Underlying Principles

All SDGs interact with one another – by design, they are an integrated set of global priorities and objectives that are fundamentally interdependent. Understanding the range of positive and negative interactions among SDGs is key to unlocking their full potential at any scale, as well as to ensuring that progress made in some areas is not made at the expense of progress in others. The nature, strengths, and potential impact of these interactions are largely context-specific and depend on the policy options and strategies chosen to pursue them. SDG 16 (good governance) and SDG 17 (means of implementation) are key to turning the potential for synergies into reality, although they are not always specifically highlighted as such throughout the report. For many, if not all, goals, having in place effective governance systems, institutions, partnerships, and intellectual and financial resources is key to an effective, efficient, and coherent approach to implementation.
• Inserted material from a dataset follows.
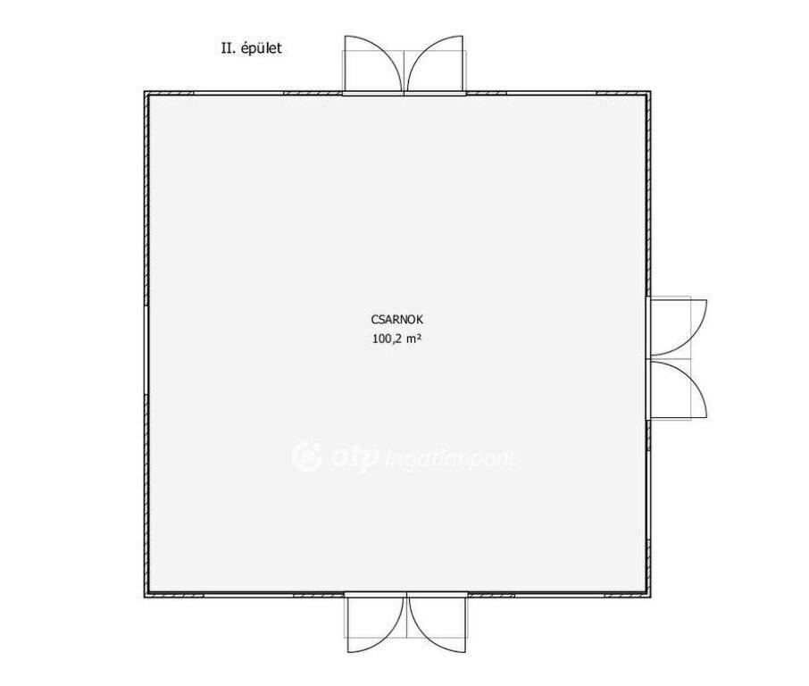 A 2.sz. épület beton elemekből áll, 100m2 alapterületű, egy légterű fűtetlen csarnok, ahová az áram be van vezetve.

Policymakers, practitioners, and scientists working at the global, regional, national, and local levels on implementing or supporting the implementation of the SDGs are the intended audience for this report.

Key Findings

The four SDGs analyzed in detail in this report (SDG 2, SDG 3, SDG 7, SDG 14) are mostly synergistic with the other SDGs. Using a 7-point scale, a team of scientists evaluated the key target-level interactions between an ‘entry goal’ and all other goals, and attributed a score to these interactions based on their expert judgment and as justified through the scientific literature. The score most often allocated is +2 (‘reinforcing’). The assessment identified 316 target-level interactions overall, of which 238 are positive, 66 are negative, and 12 are neutral. This analysis found no fundamental incompatibilities between goals (i.e., where one target as defined in the 2030 Agenda would make it impossible to achieve another). However, it did identify a set of potential constraints and conditionalities that require coordinated policy interventions to shelter the most vulnerable groups, promote equitable access to services and development opportunities, and manage competing demands over natural resources to support economic and social development within environmental limits.

The process of systematically identifying and scoring interactions across the 17 SDGs using a common terminology is very valuable. It allows broad multi-disciplinary and multi-sectoral conversations, makes it possible to synthesize knowledge and to scope knowledge needs, and provides rational and concrete focal points (clusters of targets that need to be addressed together) for an integrated approach to implementation and monitoring.

This approach provides a basis for a science-policy dialogue on translating integrated science for the achievement of the SDGs. As a tool for policy coherence, it provides an understanding of the conflicts and synergies to be managed across government departments and sectors, understanding where the emphasis should be put for efficient and effective action, and identifies who needs to be brought to the table to achieve collective impacts across multiple interacting policy domains. There is clearly no one-size-fits-all approach to understanding target interactions, and building on this work will require a commitment to continuous iteration and improvement.